Once the file has been uploaded, return to the SSH connection to your HDInsight cluster and use the following commands to create the wordcounts and wordcount-example-Counts-changelog topics:

 /usr/hdp/current/kafka-broker/bin/kafka-topics.sh --create --replication-factor 2 --partitions 8 --topic wordcounts --zookeeper $KAFKAZKHOSTS
 /usr/hdp/current/kafka-broker/bin/kafka-topics.sh --create --replication-factor 2 --partitions 8 --topic wordcount-example-Counts-changelog --zookeeper $KAFKAZKHOSTS

Use the following command to start the streaming process in the background:
```
 java -jar kafka-streaming.jar $KAFKABROKERS 2>/dev/null &
```

While it is running, use the producer to send messages to the test topic:

 java -jar kafka-producer-consumer.jar producer test $KAFKABROKERS &>/dev/null &

Use the following to view the output that is written to the wordcounts topic:

 /usr/hdp/current/kafka-broker/bin/kafka-console-consumer.sh --bootstrap-server $KAFKABROKERS --topic wordcounts --from-beginning --formatter kafka.tools.DefaultMessageFormatter --property print.key=true --property key.deserializer=org.apache.kafka.common.serialization.StringDeserializer --property value.deserializer=org.apache.kafka.common.serialization.LongDeserializer

NOTE: You have to tell the consumer to print the key (which contains the word value) and the deserializer to use for the key and value in order to view the data.

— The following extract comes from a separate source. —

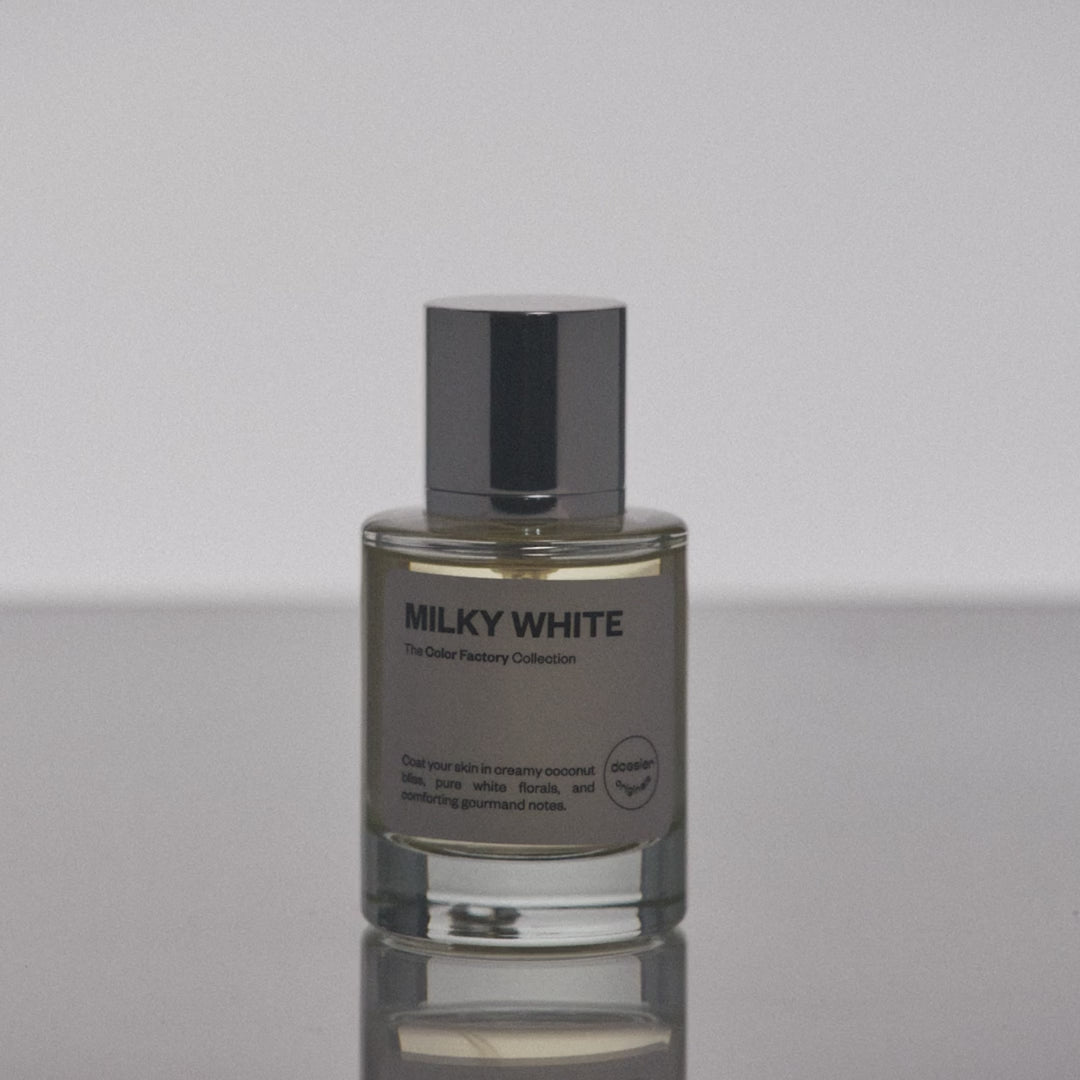 Milky White then unfolds with notes of hazelnut, milky accord, and white flowers to coat the skin in a creamy gourmand and elegant floral heart. The fragrance later evolves to reveal base notes of vanilla, white woods, tonka bean, benzoin res, and white musks––slathering the skin with lingering rich vanilla, powdery, woody, and warm aroma.

The output is similar to the following:

 dwarfs  13635
 ago     13664
 snow    13636
 dwarfs  13636
 ago     13665
 a       13803
 ago     13666
 a       13804
 ago     13667
 ago     13668
 jumped  13640
 jumped  13641
 a       13805
 snow    13637

Use Ctrl + C to exit the consumer, then use the fg command to bring the streaming background task to the foreground. Use Ctrl + C to exit it also.